Activity:
From the line that contains "The Greenworks 24V POWERALL™ lithium-ion" down to the last line of the data below, restate every line word for word, skipping any images.

Records from a data source:
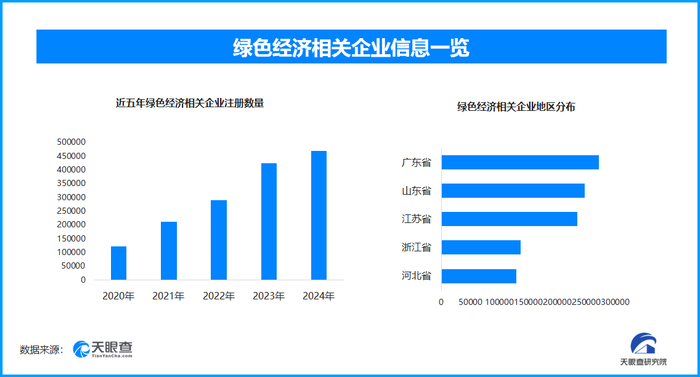 从区域分布来看,广东省、山东省、江苏省绿色经济相关企业数量位居前列,三个省市数量总和超过75.3万余家,占企业总数的29.58%。
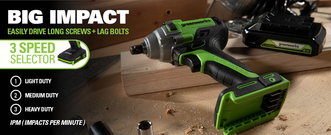The Greenworks 24V POWERALL™ lithium-ion platform powers over 75+ indoor & outdoor products, including lawn mowers, blowers, string trimmers, chainsaws, power tools and more! Our 24V lithium-ion battery provides 20% more power and 35% more run-time, and delivers fade-free power with no memory loss after charging. This power tool features a 1/2" compact impact wrench is ideal for tightening & loosening bolts and nuts, produces up to 540 ft-lbs of torque (0-2800 RPM) to break loose the most stubborn nuts & bolts with 3-speeds to provide power selection for precise fastening control. The Greenworks 24V PowerAll™ platform comes with a 3 Year Limited Tool to protect your investment.
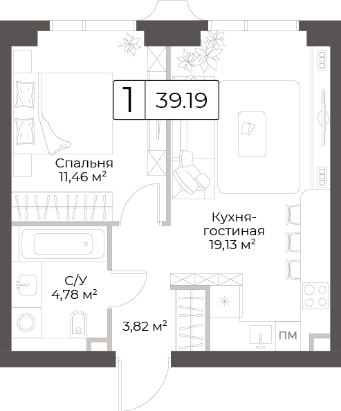 В продаже 1-комнатная квартира без отделки на 7 этаже, Корпус 1.
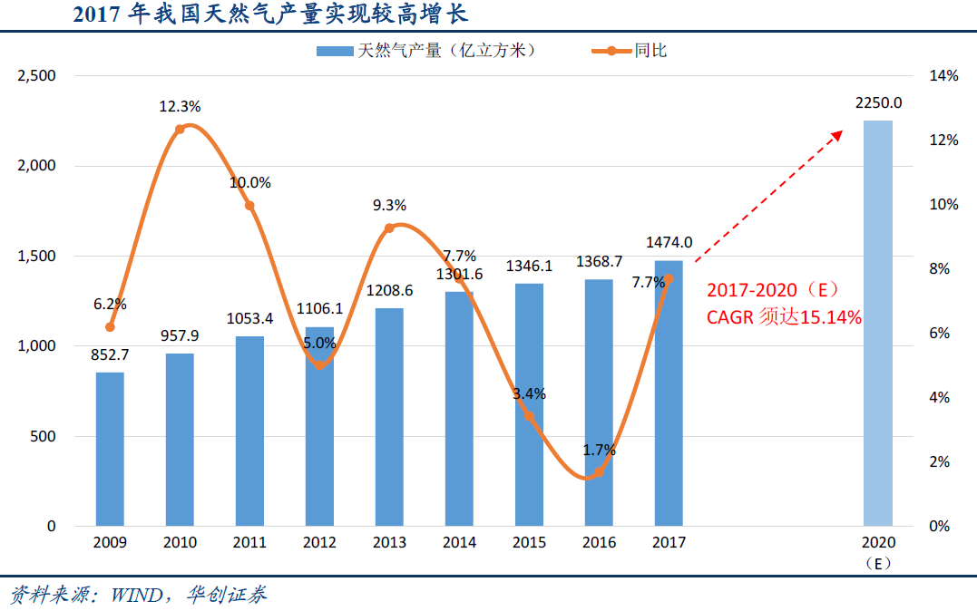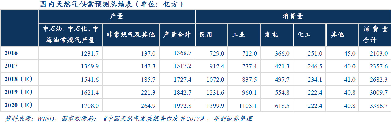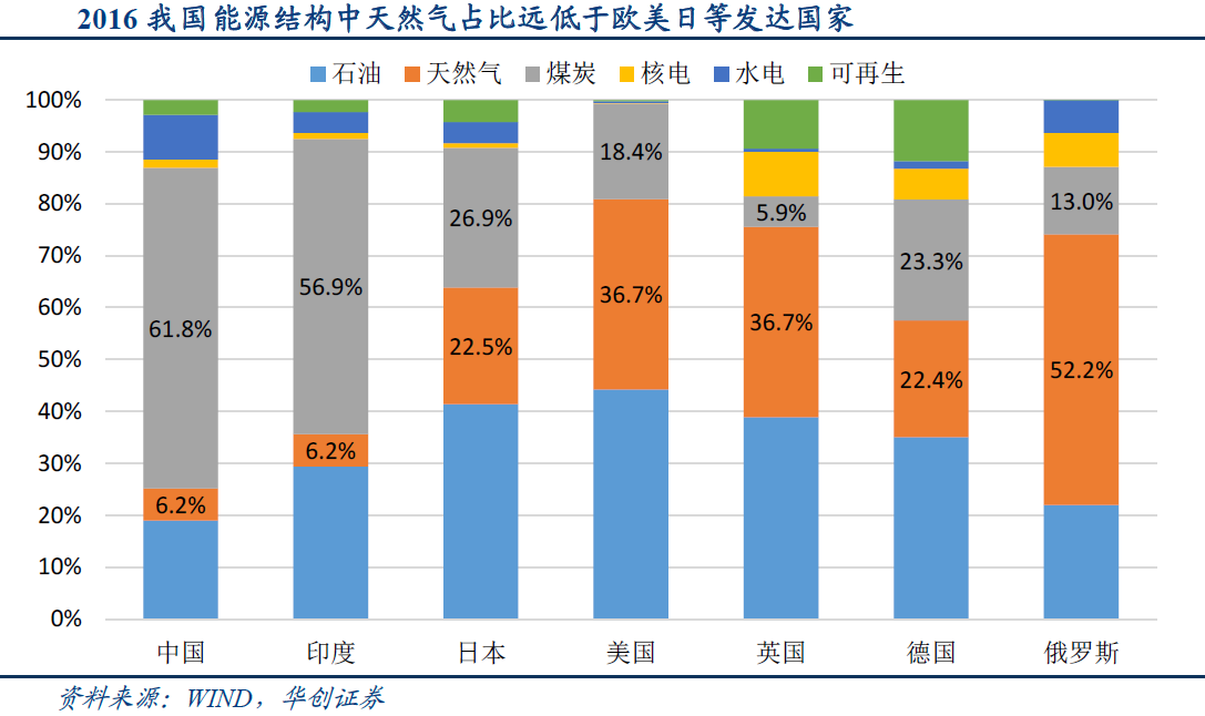 华创证券指出,当前国内能源结构中煤炭消费占比高达62%,而天然气6%的消费占比远不及世界24%的平均水平。同时十三五规划明确了天然气发展的目标与国家对其发展的大力支持,而2017年的“煤改气”成为天然气未来发展的重要催化因素,天然气未来发展确定性较高。
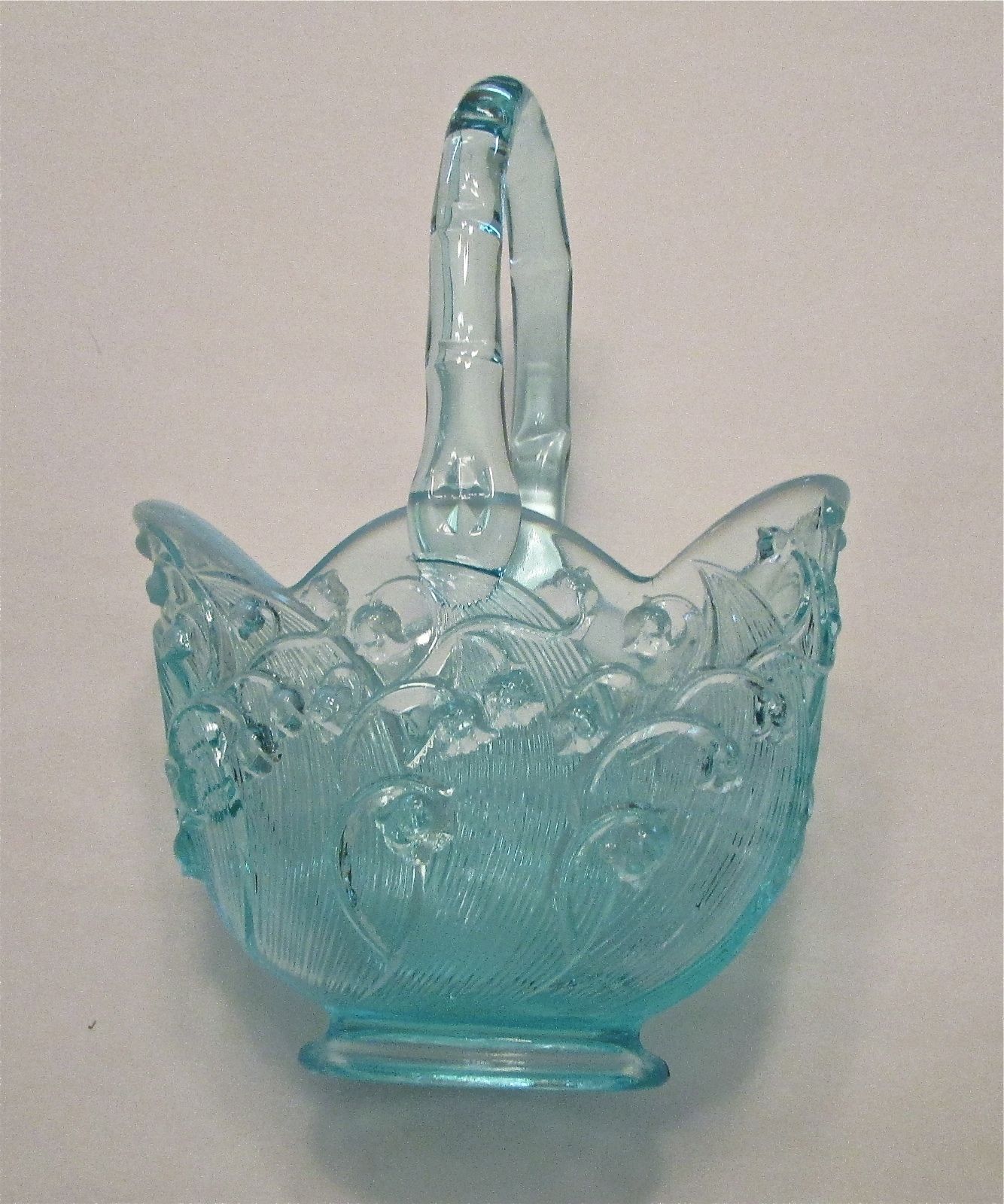 Title (ebay affiliate link): Vintage Fenton Basket LILY OF THE VALLEY Turquoise Blue 8x6" milk glass edge

Result of this task:
The Greenworks 24V POWERALL™ lithium-ion platform powers over 75+ indoor & outdoor products, including lawn mowers, blowers, string trimmers, chainsaws, power tools and more! Our 24V lithium-ion battery provides 20% more power and 35% more run-time, and delivers fade-free power with no memory loss after charging. This power tool features a 1/2" compact impact wrench is ideal for tightening & loosening bolts and nuts, produces up to 540 ft-lbs of torque (0-2800 RPM) to break loose the most stubborn nuts & bolts with 3-speeds to provide power selection for precise fastening control. The Greenworks 24V PowerAll™ platform comes with a 3 Year Limited Tool to protect your investment.
 В продаже 1-комнатная квартира без отделки на 7 этаже, Корпус 1.
 华创证券指出,当前国内能源结构中煤炭消费占比高达62%,而天然气6%的消费占比远不及世界24%的平均水平。同时十三五规划明确了天然气发展的目标与国家对其发展的大力支持,而2017年的“煤改气”成为天然气未来发展的重要催化因素,天然气未来发展确定性较高。
 Title (ebay affiliate link): Vintage Fenton Basket LILY OF THE VALLEY Turquoise Blue 8x6" milk glass edge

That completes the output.